Saturday, June 23, 2012

Key Largo (1948)

Bogart Film Fest Movie #2 (Please click the link to read my review of The Maltese Falcon)

Synopsis: Stupendous storm, grumpy gangsters, irascible innkeeper, pulverized policeman, war widow, boozy broad, homeless hero.

Blurb From the VHS Jacket: “A hurricane seethes outside, but it’s nothing compared to the electrified atmosphere within the hotel at Key Largo. There sadistic mobster Johnny Rocco and his stooges hole up against the storm – and hold at gunpoint hotel owner Nora Temple, her invalid father-in-law and ex-GI Frank McCloud.”

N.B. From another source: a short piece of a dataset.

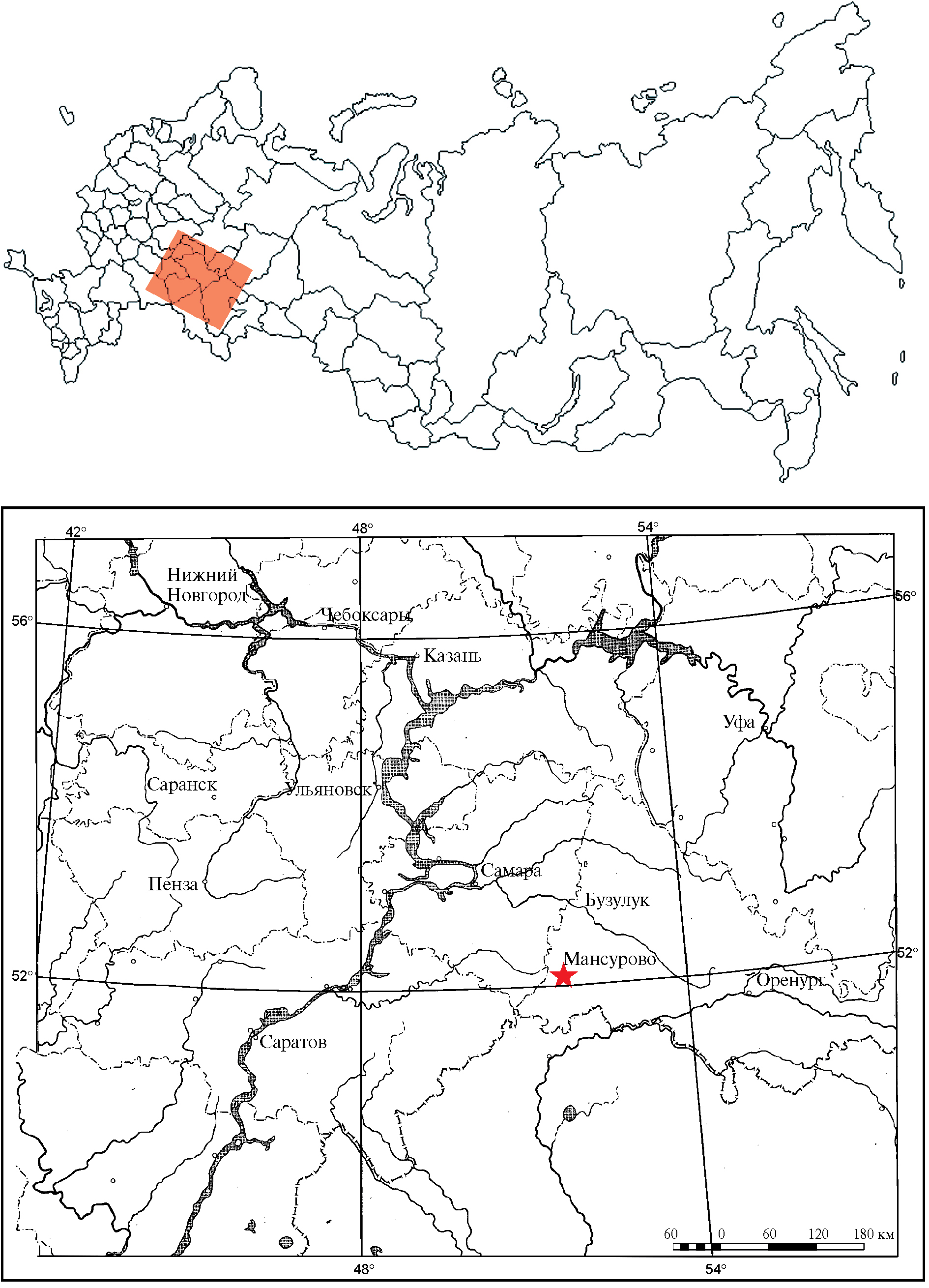 В 2016 г. в Первомайском районе Оренбургской области у пос. Мансурово было открыто новое местонахождение раннетриасовых тетрапод и ихнофоссилий (Сенников и др., 2023; Ульяхин и др., 2023а, 2023б, 2023в). Местонахождение Мансурово расположено в карьере в 1.5 км на север–северо-восток от одноименного поселка (рис. 1). Вскрытые здесь крайне неравномерно отложения относятся к гостевской свите устьмыльского горизонта нижнеоленекского подъяруса. Проводимое нами изучение местонахождения Мансурово существенно дополняет как геологическую, так и палеонтологическую характеристику этой свиты.

What Did I Learn?: If you and a several innocent guests are being held hostage in your own hotel by a bunch of trigger-happy gangsters, you might wish to keep your mouth shut, and refrain from repeatedly calling the boss “filth”.

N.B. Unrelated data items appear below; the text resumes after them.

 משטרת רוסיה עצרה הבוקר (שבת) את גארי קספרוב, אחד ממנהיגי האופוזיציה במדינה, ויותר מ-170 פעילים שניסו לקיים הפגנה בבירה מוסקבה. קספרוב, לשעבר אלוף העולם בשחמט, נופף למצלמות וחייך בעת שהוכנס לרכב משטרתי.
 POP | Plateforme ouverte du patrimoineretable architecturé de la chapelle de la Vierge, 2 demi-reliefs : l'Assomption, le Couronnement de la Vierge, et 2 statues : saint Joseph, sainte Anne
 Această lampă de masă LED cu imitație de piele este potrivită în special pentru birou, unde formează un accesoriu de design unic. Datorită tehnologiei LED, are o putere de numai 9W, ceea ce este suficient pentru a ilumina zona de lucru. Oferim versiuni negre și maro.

You Might Like This Movie If: You still think this song is cool.

Really?: 1) So, Johnny Rocco (Edward G. Robinson) hands McCloud (Bogart) a gun and offers McCloud a chance to kill him at the cost of his own life, and all of the hostages egg McCloud on to start blasting? No fucking way that would ever happen – I’m calling “bullshit”. 2) How did those other bad dudes somehow make it from the southern-most tip of Florida into Georgia by the end of the movie?

Rating: Adapted from a stage play, Key Largo is a tense psych-drama with a number of memorable performances; while it’s remembered (especially by Bertie Higgins) as a Bogie-and-Bacall picture, Robinson, and to a lesser degree Lionel Barrymore totally steal the show. My big complaint would be that I had trouble believing certain characters would act the way they do: in real life, hostages don’t throw gratuitous insults at their captors –that’s ridiculous. 7/10 stars.